(MATERIAL SHOWN Opens)
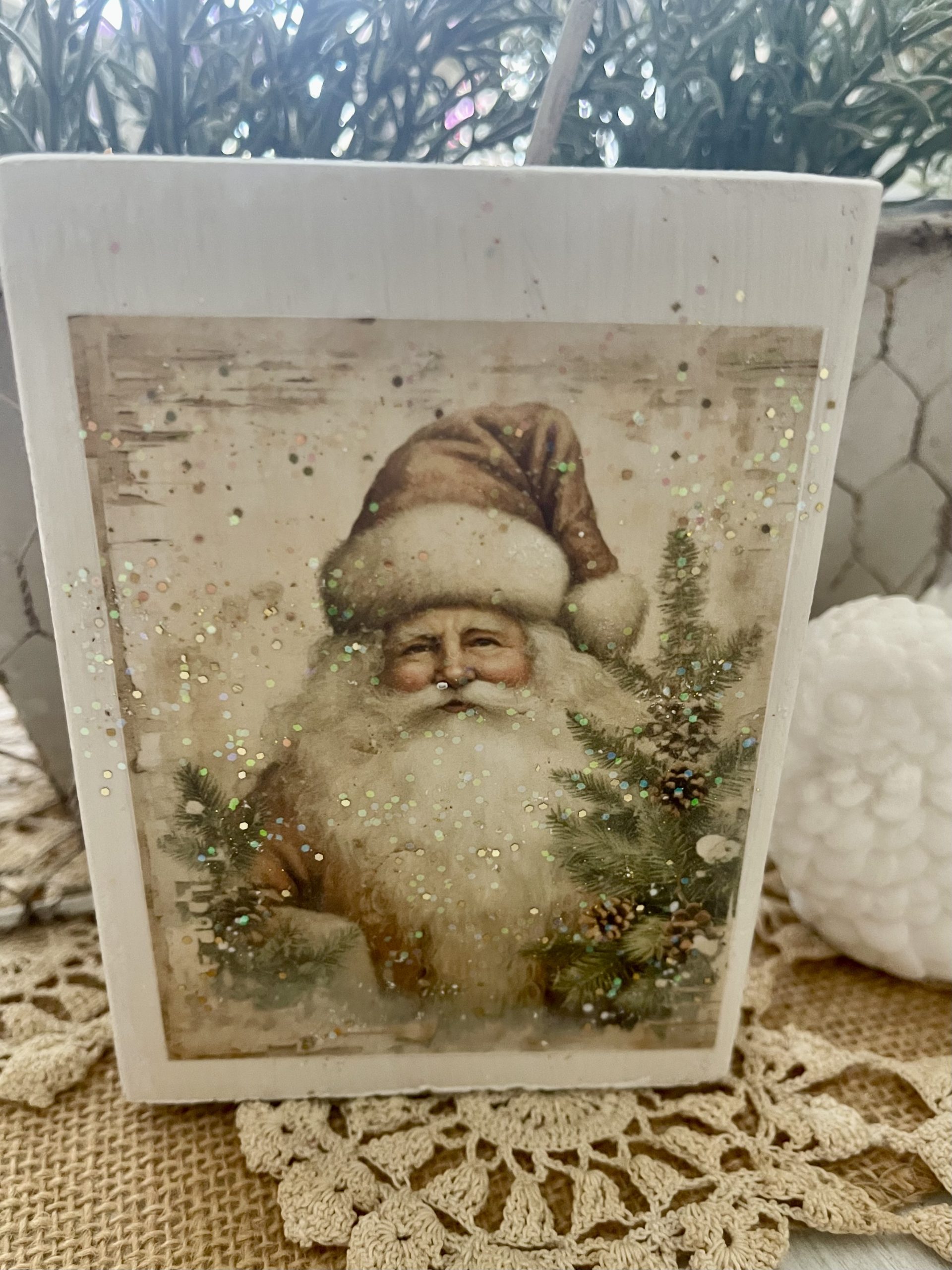 Double sided wood block with a ghost and Santa
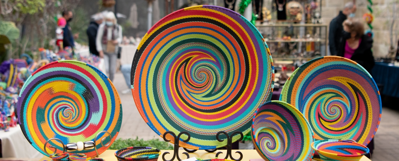 Friday through Sunday, turn the ordinary into the extraordinary with upcycled telephone wire baskets and bowls and other beautiful home décor featuring fair trade art from Zimbabwe, South Africa, and Kenya (2KG African Imports).
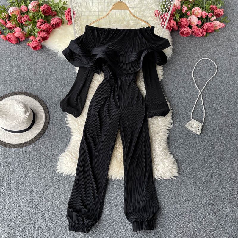 ヨーロッパとアメリカのインデザインセンスニッチ三次元蓮の葉ワンワードネックオフショルダーパフスリーブスリムロングジャンプスーツ女性 ヨーロピアン lyxaj48473063651
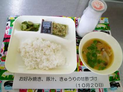 今日は大阪のメニュー、お好み焼きでした。豚汁、きゅうりの甘酢づけとの組み合わせでした。自分でとんかつソースをかけていただくお好み焼きは、量は少なかったですが、地元の味でおいしかったです。
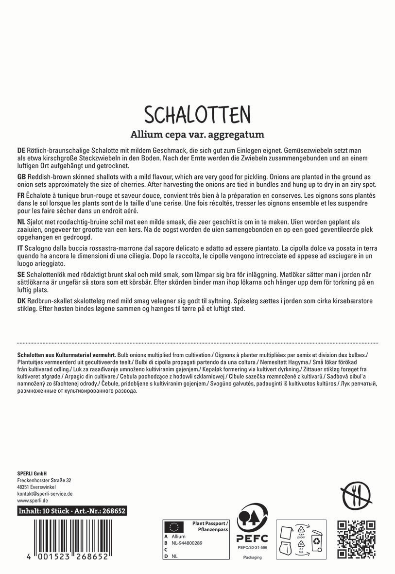 Die rötliche Schalotte 'Biztro' hat ein hervorragendes mildes Aroma, wodurch sie sich bestens zum Einlegen eignet. Im Frühling steckst Du die Zwiebeln in die Erde. Zu diesem Zeitpunkt sind sie noch etwa so groß wie Kirschen. Im Sommer dann kannst du die ausgewachsene, köstliche Schalotte 'Biztro' ernten.Der Unterschied zwischen Zwiebeln und Schalotten, liegt in ihrer Größe sowie Form. Anders als die Steckzwiebeln, wachsen die Schalotten in Horsten, die später aus mehreren Zwiebeln bestehen. Die Schalotten sind daher kleiner und je nach Sorte rund oder oval-länglich. Mit nur einer gesteckten Pflanzschalotte erntest Du also später mehrere Zwiebeln. Schalotten sind etwas würziger und feiner im Aroma, süßlicher im Geschmack, milder und weniger beißend als die bekannten Küchenzwiebeln.
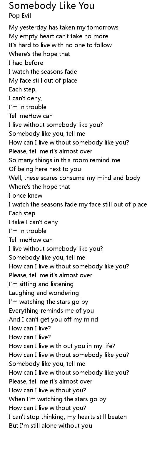 I live without somebody like you? |
(MATERIAL SHOWN Closes)
**TASK PROMPT**
What you return must match the records above exactly, minus any images.

**TASK RESULT**
 Double sided wood block with a ghost and Santa
 Friday through Sunday, turn the ordinary into the extraordinary with upcycled telephone wire baskets and bowls and other beautiful home décor featuring fair trade art from Zimbabwe, South Africa, and Kenya (2KG African Imports).
 ヨーロッパとアメリカのインデザインセンスニッチ三次元蓮の葉ワンワードネックオフショルダーパフスリーブスリムロングジャンプスーツ女性 ヨーロピアン lyxaj48473063651
 今日は大阪のメニュー、お好み焼きでした。豚汁、きゅうりの甘酢づけとの組み合わせでした。自分でとんかつソースをかけていただくお好み焼きは、量は少なかったですが、地元の味でおいしかったです。
 Die rötliche Schalotte 'Biztro' hat ein hervorragendes mildes Aroma, wodurch sie sich bestens zum Einlegen eignet. Im Frühling steckst Du die Zwiebeln in die Erde. Zu diesem Zeitpunkt sind sie noch etwa so groß wie Kirschen. Im Sommer dann kannst du die ausgewachsene, köstliche Schalotte 'Biztro' ernten.Der Unterschied zwischen Zwiebeln und Schalotten, liegt in ihrer Größe sowie Form. Anders als die Steckzwiebeln, wachsen die Schalotten in Horsten, die später aus mehreren Zwiebeln bestehen. Die Schalotten sind daher kleiner und je nach Sorte rund oder oval-länglich. Mit nur einer gesteckten Pflanzschalotte erntest Du also später mehrere Zwiebeln. Schalotten sind etwas würziger und feiner im Aroma, süßlicher im Geschmack, milder und weniger beißend als die bekannten Küchenzwiebeln.
 I live without somebody like you? |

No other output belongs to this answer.